Pertemuan kedua dilaksanakan di Istanbul, Turki pada 21-22 Januari 2011 Metrotvnews, 11 Januari 2011. Pada pertemuan ini tidak menghasilkan suatu
kesepakatan antara pihak negara 5+1 dengan Iran. Tiap-tiap pihak bersikeras kepada kemauan masing-masing. Pihak Iran menginginkan pencabutan sanksi terhadap Iran
dan diplomasi atas dasar akal sehat sesuai kerangka yang berlaku di NPT yakni setiap negara berhak mengembangkan nuklir untuk tujuan damai. Sebaliknya, pihak negara
5+1 yang diwakili oleh Cathrene Ashtone menginginkan Iran menghentikan pengayaan uraniumnya, jika tidak maka negara 5+1 akan menambahkan sanksi baru
kepada Iran Antaranews, 22 Januari 2011. Namun, dari hasil pertemuan tersebut, Hileudnews 29 Juli 2010 melaporkan Iran bersedia untuk mengurangi produksi
uraniumnya dari level 20 persen apabila negara-negara 5+1 bersedia mencabut sanksi dan embargo yang diberlakukan terhadap Iran. Hal ini ditawarkan Iran untuk
mengurangi kecurigaan negara-negara 5+1 terhadap pengembangan nuklir Iran. Namun belum ada respon dari negara-negara tersebut terkait penawaran tersebut.

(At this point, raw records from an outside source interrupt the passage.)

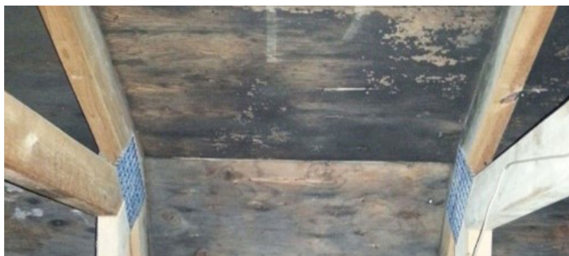
Mould growth in an attic

Yes, it is common, but should it be ignored? Opinions differ as to whether or not the mold spores in an attic spread into your home through vapour pressure. In other words, when you open and close doors, does the vapour pressure move the spores out of your attic and into your living area? Are you breathing them in? I guess the question is, would you be comfortable living in a home with mold in the attic?
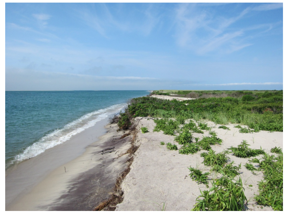
Muskeget Island, Nantucket Land Council
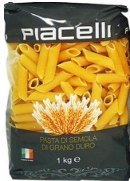
16915. Penne Rigate 500g (20)
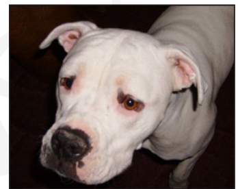
Trinity has a wonderful home today.

Menurut analisa penulis, kekhawatiran dan kecurigaan negara-negara penentang nuklir Iran sangat wajar. Karena dalam pemahaman Neo-realis keadaan
sistem internasional yang anarkis setiap negara yang memiliki kekuatan mencoba untuk terlibat dan mengikuti sistem tersebut untuk menunjukkan dan
mendistribusikan kemampuan unit dalam sistem Burchill dan Linklater 2007, h. 117. Dalam kasus nuklir Iran, negara-negara yang memiliki kekuatan dominan
mencoba untuk terlibat dalam kasus nuklir tersebut. Pada dasarnya pengembangan teknologi nuklir Iran timbul karena sistem internasional yang anarkis. Pengembangan
teknologi nuklir Iran dimunculkan sebagai penyeimbang kekuataan negara-negara di dunia dan kawasan. Namun, Iran memiliki tujuan utama yang spesifik berdasarkan
kepentingan nasional negaranya, yakni mengembangkan teknologi nuklir untuk kemajuan riset teknologi dan keperluan sipil bukan untuk keperluan militer. Oleh
sebab itu, atas dasar kepentingan nasional bangsa Iran, pemerintah Iran terus memperjuangkan pengembangan teknologi nuklir Iran walaupun mendapat tekanan
dari berbagai pihak. Hal ini sesuai dengan pernyataan Frankel 1988, h. 93 yang mengatakan
bahwa “kepentingan nasional merupakan kunci utama dari konsep kebijakan luar
negeri yang menjadi pokok utama dari total keseluruhan nilai-nilai nasionalitas suatu bangsa
”. Menurut analisa penulis, Iran terus berupaya mempertahankan kepentingan nasionalnya. Upaya yang dilakukan pemerintah Iran adalah dengan menerapkan suatu
usaha diplomasi terhadap segala macam bentuk tekanan AS dan Sekutu.